-------- Data for analysis --------

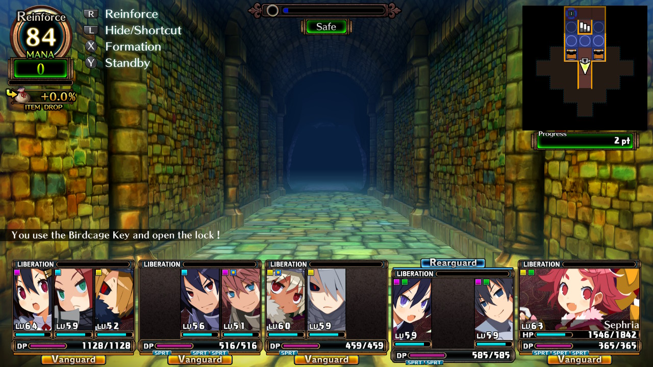 À la différence de Labytinth of Refrain et de son binôme Dronya / Luca, Labyrinth of Galleria propose à mon sens des personnages bien plus attachants. Sans spoiler l’intrigue ni le développement, Euréka qui peut sembler au premier abord à un « clonne » de Flonne dans Disgaea a tout un background qu’il est intéressant de découvrir, à tel point qu’on a parfois envie de rusher un donjon pour voir la suite du scénario. Encore une fois, c’est un large catalogue d’émotions qui nous est offert. Pour ce qui est du style graphique des personnages, on ressent à 100% la patte Disgaea puisque c’est une nouvelle fois Takehito Harada qui est aux commandes pour la création de ces modèles. Concernant les décors, cet opus nous livre des donjons aux ambiances propres, mais qui reposent tout de même sur des bases similaires à coup d’interrupteurs et de couloirs cachés à révéler. Musicalement, les pistes font bien leur travail en donnant un côté un peu mystique à l’exploration des donjons, ainsi qu’aux nombreux discours dans et autour du manoir. Point négatif en revanche la musique dans les donjons n’est pas dynamique. Lorsque l’on plonge sous l’eau, une nouvelle piste plus « aquatique » se lance. Et quand on ressort, la musique d’exploration recommence du début. Ce ne serait pas un problème si dans certains donjons on a tendance à entrer et sortir de l’eau toutes les 2-3 cases.
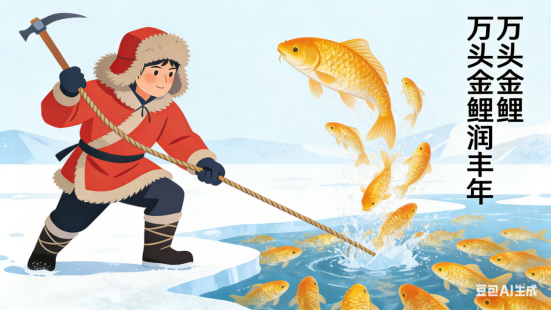 千尾银鳞腾旭日,万头金鲤润丰年。北风入耳笑言欢。
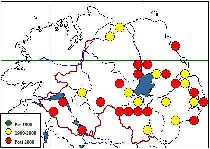 | Habitat (where recorded) & number of records: Woodland: mixed (3) Parkland and scattered trees: mixed (2) Acid grassland (1) Built up area, domestic (1) Calcareous grassland (1) Neutral grassland (1) Neutral grassland: semi-improved (1) Parkland and scattered trees (1) Scrub (1) Woodland (1) Woodland: broadleaved, semi-natural (1) |
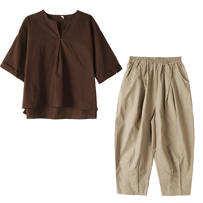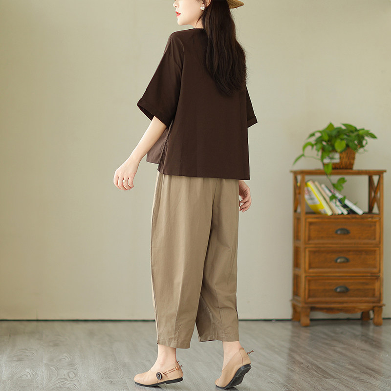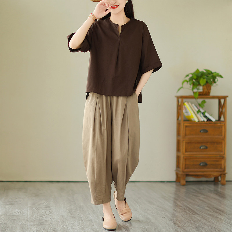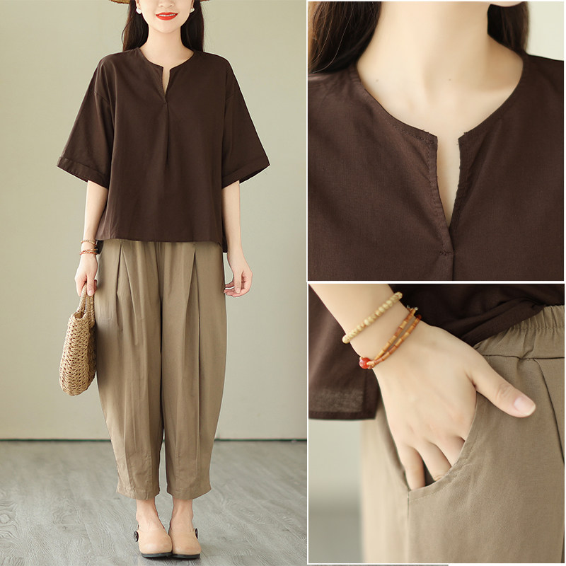 休闲棉麻套装女夏季2026年新款洋气妈妈复古宽松大码灯笼裤两件套
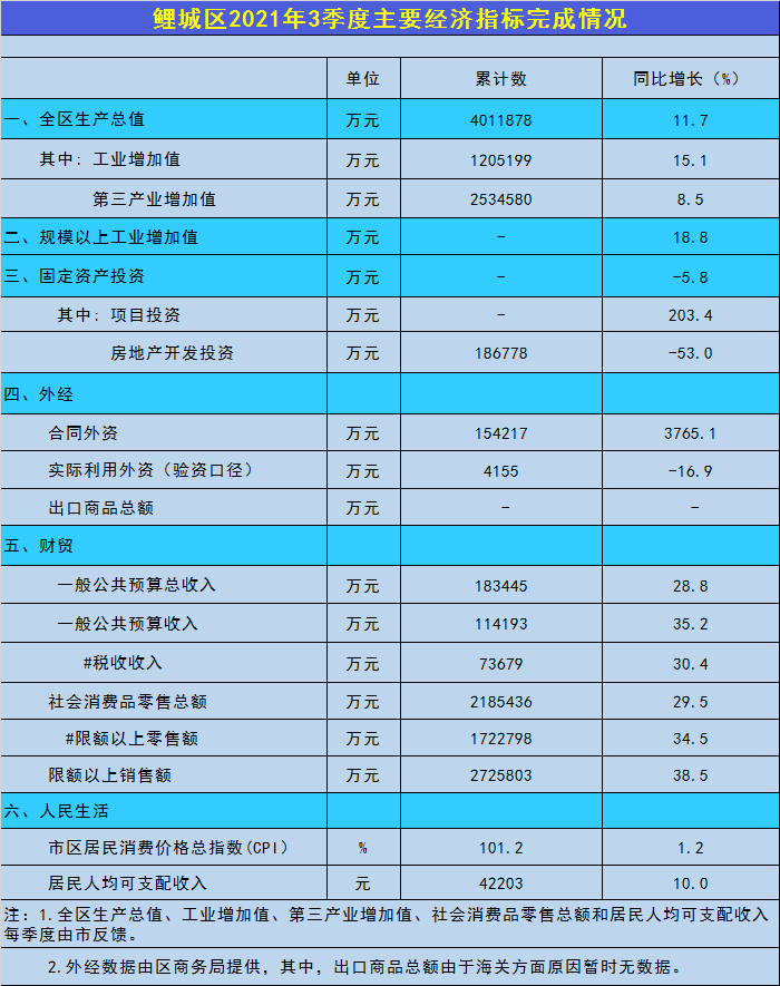 鲤城区2021年3季度主要经济指标完成情况
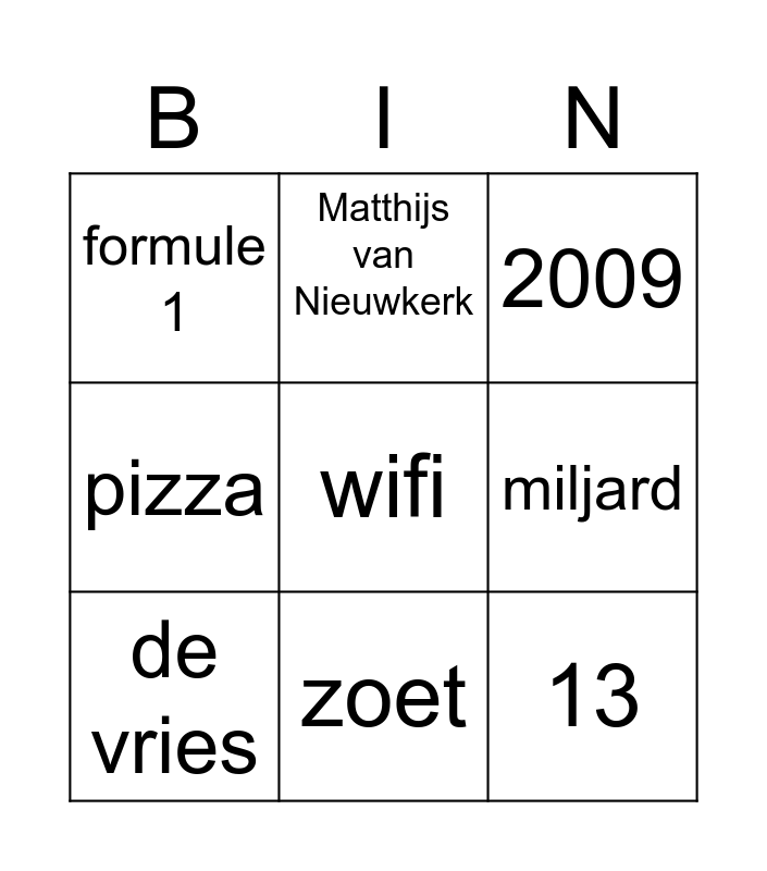 This bingo card has a free space and 8 words: miljard, 2009, Matthijs van Nieuwkerk, de vries, formule 1, 13, pizza and zoet.
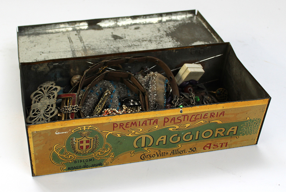 Scatola in latta contenente bigiotteria varia (difetti e mancanze)
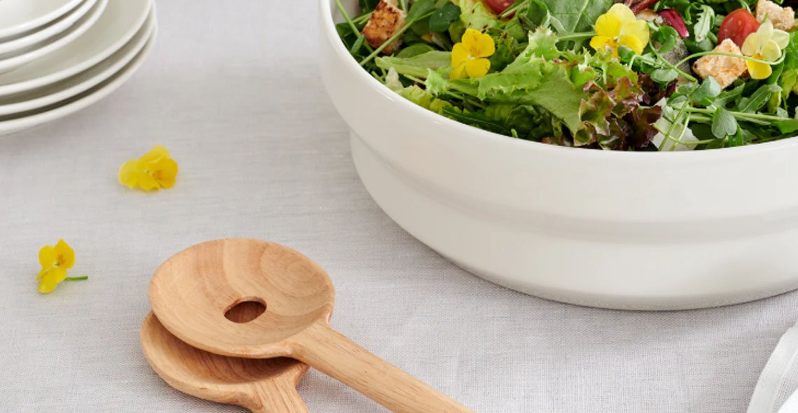Minna Niskakankaan suunnittelemat kumipuusta valmistetut Oras-salaattiottimet sopivat monenlaiseen tarjoiluun ja yhdistettäväksi erilaisten tarjoilukulhojen kanssa. Mitat 8 x 29 cm.
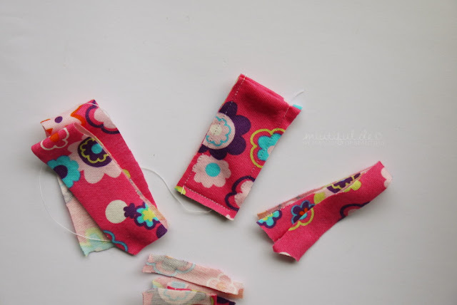 Zunächst werden zwei längliche Stücke Stoff gebraucht – bei mir hatten die beiden Stücke die ungefähren Maßen 10x20cm, aber ich war auch wirklich sehr großzügig.
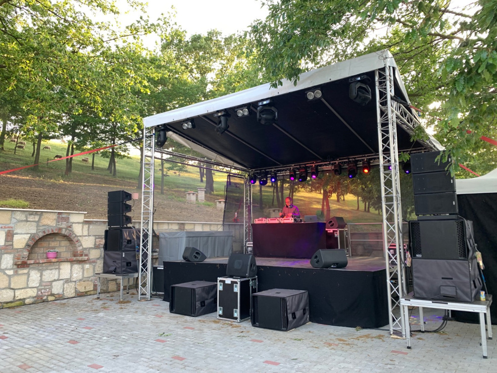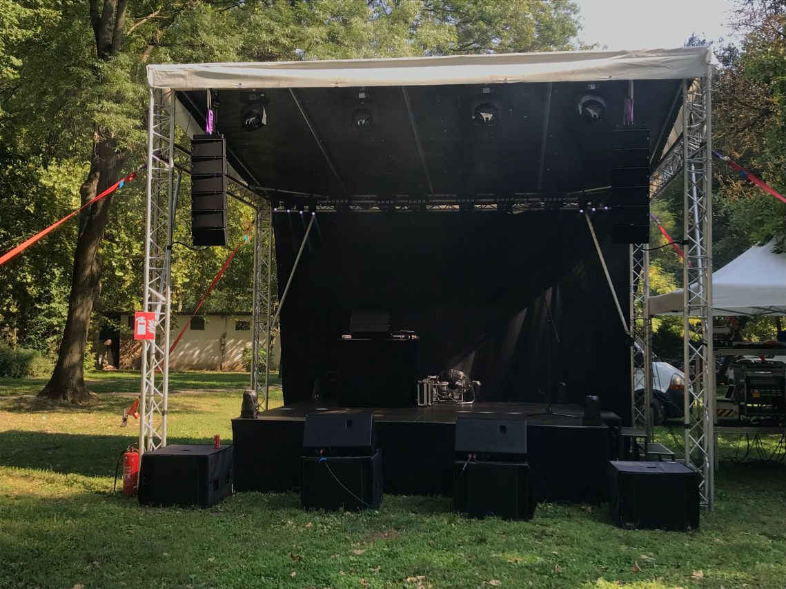 A 4*5m színpadot korláttal, lépcsővel és színpad szoknyával szoktuk a rendezvényeken rendelkezésre bocsátani.
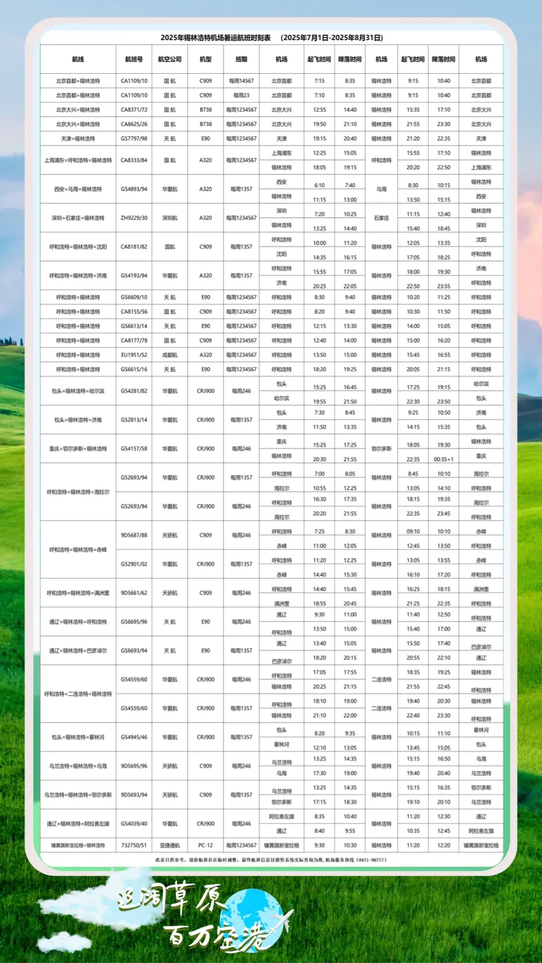锡林浩特机场这条航线恢复通航 机场要闻 航线航班 来源:锡盟融媒 7月24日 编辑 通讯员mk 取消关注 关注 私信 7月22日 通辽⇌锡林浩特⇌阿拉善左旗航线 恢复通航 该航线以锡林浩特为经停点,串联起内蒙古东部草原、中部地质奇观与西部沙漠三大旅游带。 锡林浩特机场暑运航班时刻表 航旅资讯锡林浩特机场
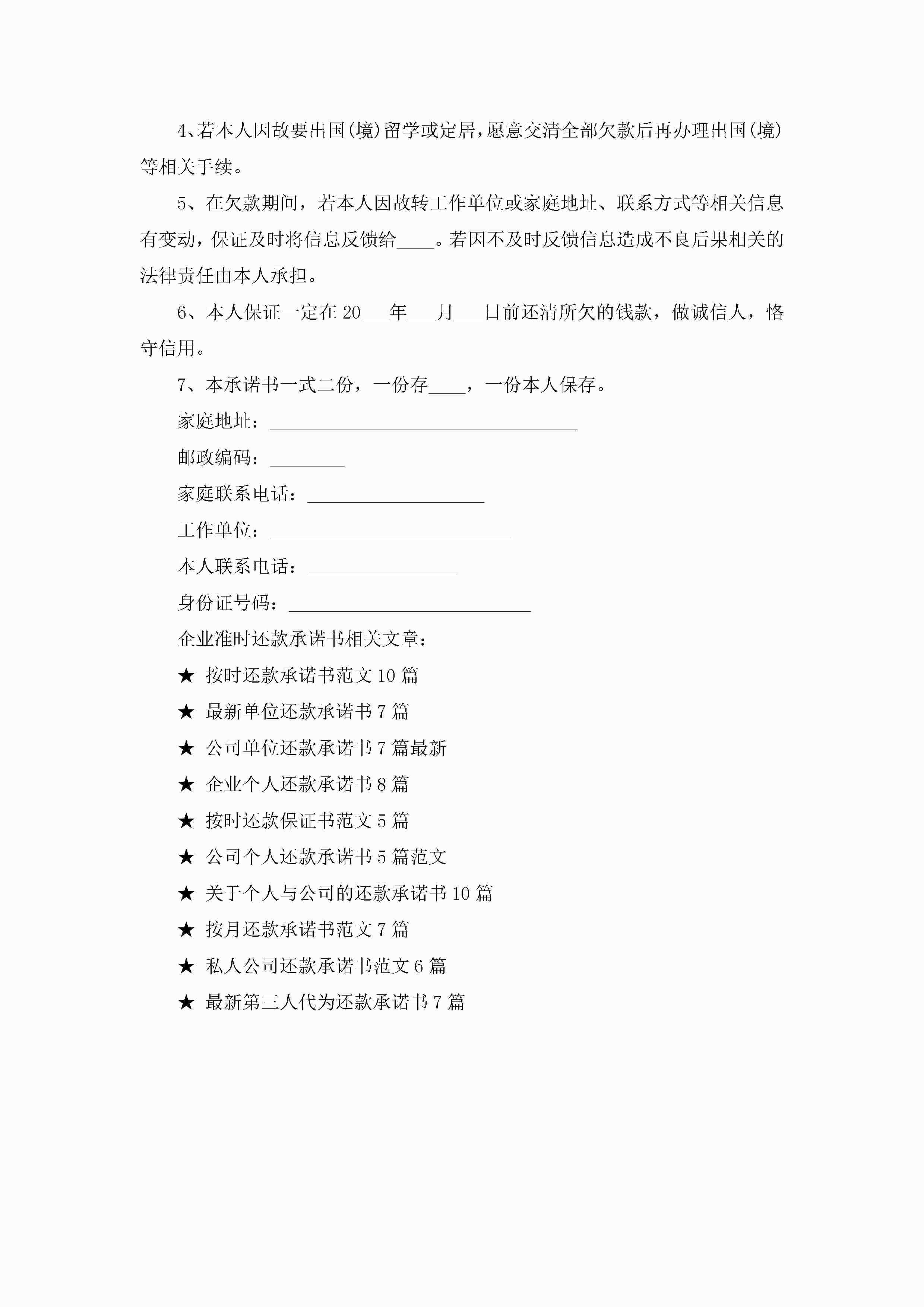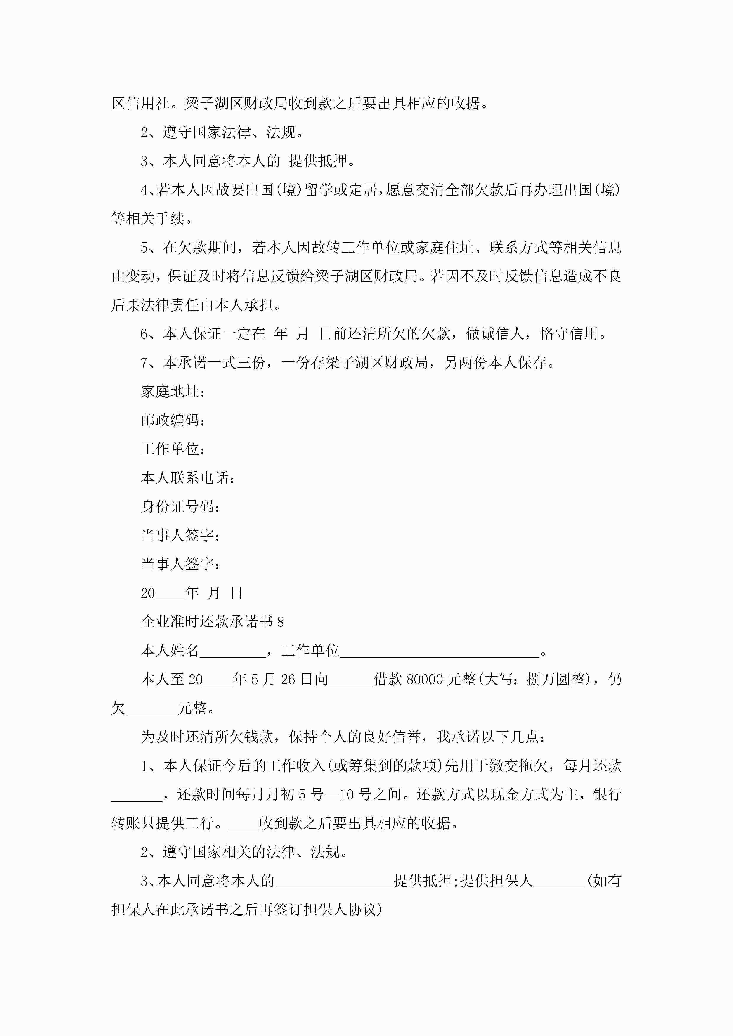 企业准时还款承诺书8篇jugei3月22日 16:22发布关注401 企业准时还款承诺书8篇此内容为付费资源,请付费后查看¥10.9 单篇文档限时特惠¥15个人会员开通企业会员开通立即下载无需登陆!可直接快捷下载单个模板付费资源© 版权声明THE ENDWord模板# 实用文档# 实用模板# 信函模板# 承诺书 如有问题,可点击最底部“联系我们”联系客服 分享QQ空间微博QQ好友海报分享复制链接收藏
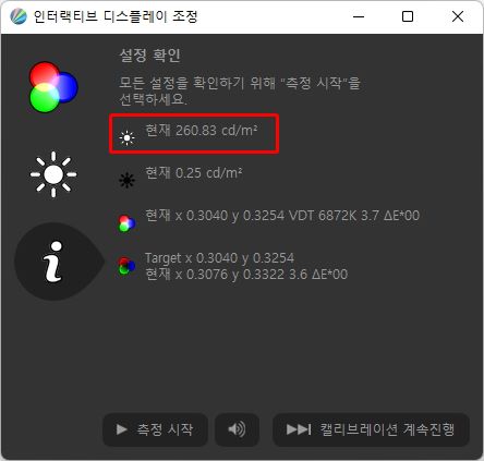 휘도 특성도 양호하다. 제품 사양에는 250cd/m2로 표기되어 있으며, 직접 측정해보니 약 260cd/m2로 나타났다. 일반적인 모니터 수준의 밝기를 보이고 있다
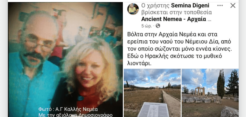 Όταν με ενημέρωσε απόψε η ψυχολόγος Τόνια Κατσάνου μια σημαντική Νεμεατισσα που χρόνια τώρα βρίσκεται στην πρωτοπορία τών κοινωνικών αγώνων με έδρα την Αθήνα,για την επίσκεψη τής Σεμίνας Διγενή και για τα όσα είχε επισημάνει στην προσωπική της σελίδα για την Αρχαία Νεμέα,στην σκέψη μου ήρθαν όλα αυτά πού σας περιέγραψα.

--------

What is needed here is an exact copy of every record, with the pictures left out.

 À la différence de Labytinth of Refrain et de son binôme Dronya / Luca, Labyrinth of Galleria propose à mon sens des personnages bien plus attachants. Sans spoiler l’intrigue ni le développement, Euréka qui peut sembler au premier abord à un « clonne » de Flonne dans Disgaea a tout un background qu’il est intéressant de découvrir, à tel point qu’on a parfois envie de rusher un donjon pour voir la suite du scénario. Encore une fois, c’est un large catalogue d’émotions qui nous est offert. Pour ce qui est du style graphique des personnages, on ressent à 100% la patte Disgaea puisque c’est une nouvelle fois Takehito Harada qui est aux commandes pour la création de ces modèles. Concernant les décors, cet opus nous livre des donjons aux ambiances propres, mais qui reposent tout de même sur des bases similaires à coup d’interrupteurs et de couloirs cachés à révéler. Musicalement, les pistes font bien leur travail en donnant un côté un peu mystique à l’exploration des donjons, ainsi qu’aux nombreux discours dans et autour du manoir. Point négatif en revanche la musique dans les donjons n’est pas dynamique. Lorsque l’on plonge sous l’eau, une nouvelle piste plus « aquatique » se lance. Et quand on ressort, la musique d’exploration recommence du début. Ce ne serait pas un problème si dans certains donjons on a tendance à entrer et sortir de l’eau toutes les 2-3 cases.
 千尾银鳞腾旭日,万头金鲤润丰年。北风入耳笑言欢。
 | Habitat (where recorded) & number of records: Woodland: mixed (3) Parkland and scattered trees: mixed (2) Acid grassland (1) Built up area, domestic (1) Calcareous grassland (1) Neutral grassland (1) Neutral grassland: semi-improved (1) Parkland and scattered trees (1) Scrub (1) Woodland (1) Woodland: broadleaved, semi-natural (1) |
 休闲棉麻套装女夏季2026年新款洋气妈妈复古宽松大码灯笼裤两件套
 鲤城区2021年3季度主要经济指标完成情况
 This bingo card has a free space and 8 words: miljard, 2009, Matthijs van Nieuwkerk, de vries, formule 1, 13, pizza and zoet.
 Scatola in latta contenente bigiotteria varia (difetti e mancanze)
Minna Niskakankaan suunnittelemat kumipuusta valmistetut Oras-salaattiottimet sopivat monenlaiseen tarjoiluun ja yhdistettäväksi erilaisten tarjoilukulhojen kanssa. Mitat 8 x 29 cm.
 Zunächst werden zwei längliche Stücke Stoff gebraucht – bei mir hatten die beiden Stücke die ungefähren Maßen 10x20cm, aber ich war auch wirklich sehr großzügig.
 A 4*5m színpadot korláttal, lépcsővel és színpad szoknyával szoktuk a rendezvényeken rendelkezésre bocsátani.
锡林浩特机场这条航线恢复通航 机场要闻 航线航班 来源:锡盟融媒 7月24日 编辑 通讯员mk 取消关注 关注 私信 7月22日 通辽⇌锡林浩特⇌阿拉善左旗航线 恢复通航 该航线以锡林浩特为经停点,串联起内蒙古东部草原、中部地质奇观与西部沙漠三大旅游带。 锡林浩特机场暑运航班时刻表 航旅资讯锡林浩特机场
 企业准时还款承诺书8篇jugei3月22日 16:22发布关注401 企业准时还款承诺书8篇此内容为付费资源,请付费后查看¥10.9 单篇文档限时特惠¥15个人会员开通企业会员开通立即下载无需登陆!可直接快捷下载单个模板付费资源© 版权声明THE ENDWord模板# 实用文档# 实用模板# 信函模板# 承诺书 如有问题,可点击最底部“联系我们”联系客服 分享QQ空间微博QQ好友海报分享复制链接收藏
 휘도 특성도 양호하다. 제품 사양에는 250cd/m2로 표기되어 있으며, 직접 측정해보니 약 260cd/m2로 나타났다. 일반적인 모니터 수준의 밝기를 보이고 있다
 Όταν με ενημέρωσε απόψε η ψυχολόγος Τόνια Κατσάνου μια σημαντική Νεμεατισσα που χρόνια τώρα βρίσκεται στην πρωτοπορία τών κοινωνικών αγώνων με έδρα την Αθήνα,για την επίσκεψη τής Σεμίνας Διγενή και για τα όσα είχε επισημάνει στην προσωπική της σελίδα για την Αρχαία Νεμέα,στην σκέψη μου ήρθαν όλα αυτά πού σας περιέγραψα.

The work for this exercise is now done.